• [Data entries]
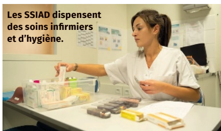
Les SSIAD dispensent des soins infirmiers et d'hygiène.

i Toutes les informations et les lignes directes des SSIAD sont sur Mutuellesdusoleil.fr , rubrique « Réseaux de soins ».
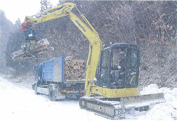
エネルギー供給モデル事業で間伐した木材をトラックに積み込む作業―紫波町山屋

モデル事業は林地残材を木質バイオマスに活用するため、紫波町山屋の山林所有者の協力を得て約4畝で実施。建設業の新分野進出を支援する盛岡地方振興局の補助金を受け、昨年九月
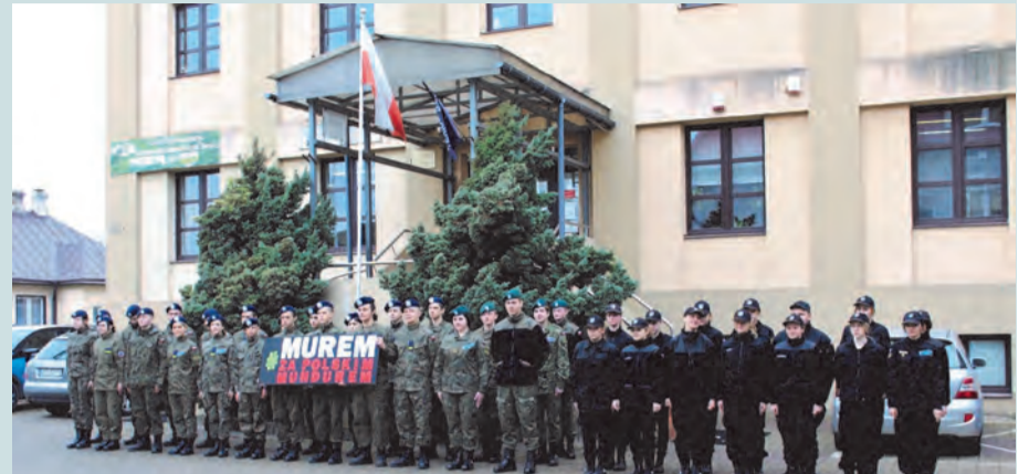
W akcję zamojskiej WKU włączyli się kadeci z „Mundurówki” (LOCSM Zamość)
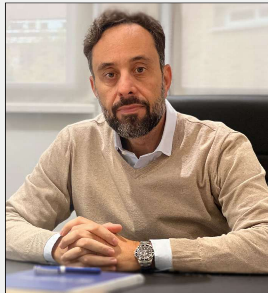
© Antonio Miguel Expósito Martín | CEO de LGN Medios

Sabemos que el actual equipo de gobierno no lo tiene fácil, pero les pedimos que no se acobarden y que obliguen al resto de partidos a colaborar y a dar la cara.

• [TASK BRIEF] Copy the records exactly, minus any pictures.

• [REPLY TO THE TASK]
Les SSIAD dispensent des soins infirmiers et d'hygiène.

i Toutes les informations et les lignes directes des SSIAD sont sur Mutuellesdusoleil.fr , rubrique « Réseaux de soins ».
エネルギー供給モデル事業で間伐した木材をトラックに積み込む作業―紫波町山屋

モデル事業は林地残材を木質バイオマスに活用するため、紫波町山屋の山林所有者の協力を得て約4畝で実施。建設業の新分野進出を支援する盛岡地方振興局の補助金を受け、昨年九月
W akcję zamojskiej WKU włączyli się kadeci z „Mundurówki” (LOCSM Zamość)
© Antonio Miguel Expósito Martín | CEO de LGN Medios

Sabemos que el actual equipo de gobierno no lo tiene fácil, pero les pedimos que no se acobarden y que obliguen al resto de partidos a colaborar y a dar la cara.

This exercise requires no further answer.